Go to the line with "- SIZE 107 SQM SQFT 3 BEDDER" in the entries below and write out every line from there through the line with "Affärskvinna håller i papper vid räcke", exactly and without pictures.

**DATA RECORDS:**
==========

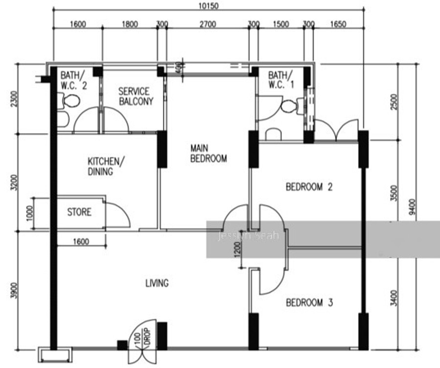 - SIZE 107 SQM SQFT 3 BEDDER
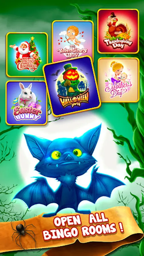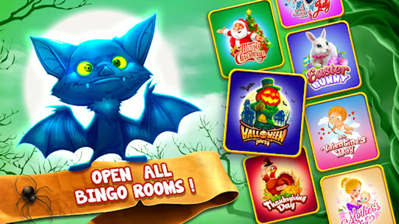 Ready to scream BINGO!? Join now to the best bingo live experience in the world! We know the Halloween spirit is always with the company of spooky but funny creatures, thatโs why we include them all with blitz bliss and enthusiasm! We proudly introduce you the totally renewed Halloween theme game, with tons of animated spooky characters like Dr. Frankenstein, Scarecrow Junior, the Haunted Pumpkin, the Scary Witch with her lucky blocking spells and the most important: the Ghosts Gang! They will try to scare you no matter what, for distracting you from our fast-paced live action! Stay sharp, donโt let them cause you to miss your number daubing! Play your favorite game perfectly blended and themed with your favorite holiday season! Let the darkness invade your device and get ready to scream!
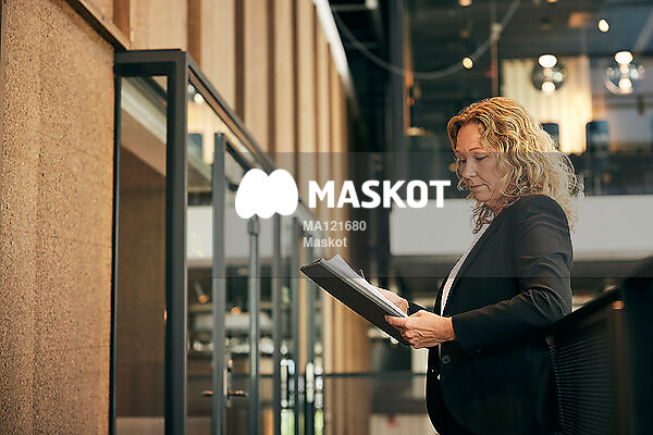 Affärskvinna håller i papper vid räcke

==========

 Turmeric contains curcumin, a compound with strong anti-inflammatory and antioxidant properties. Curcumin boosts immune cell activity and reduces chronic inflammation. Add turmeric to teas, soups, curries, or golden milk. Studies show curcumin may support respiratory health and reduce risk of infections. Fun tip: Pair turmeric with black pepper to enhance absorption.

==========

**EXPECTED ANSWER:**
 - SIZE 107 SQM SQFT 3 BEDDER
 Ready to scream BINGO!? Join now to the best bingo live experience in the world! We know the Halloween spirit is always with the company of spooky but funny creatures, thatโs why we include them all with blitz bliss and enthusiasm! We proudly introduce you the totally renewed Halloween theme game, with tons of animated spooky characters like Dr. Frankenstein, Scarecrow Junior, the Haunted Pumpkin, the Scary Witch with her lucky blocking spells and the most important: the Ghosts Gang! They will try to scare you no matter what, for distracting you from our fast-paced live action! Stay sharp, donโt let them cause you to miss your number daubing! Play your favorite game perfectly blended and themed with your favorite holiday season! Let the darkness invade your device and get ready to scream!
 Affärskvinna håller i papper vid räcke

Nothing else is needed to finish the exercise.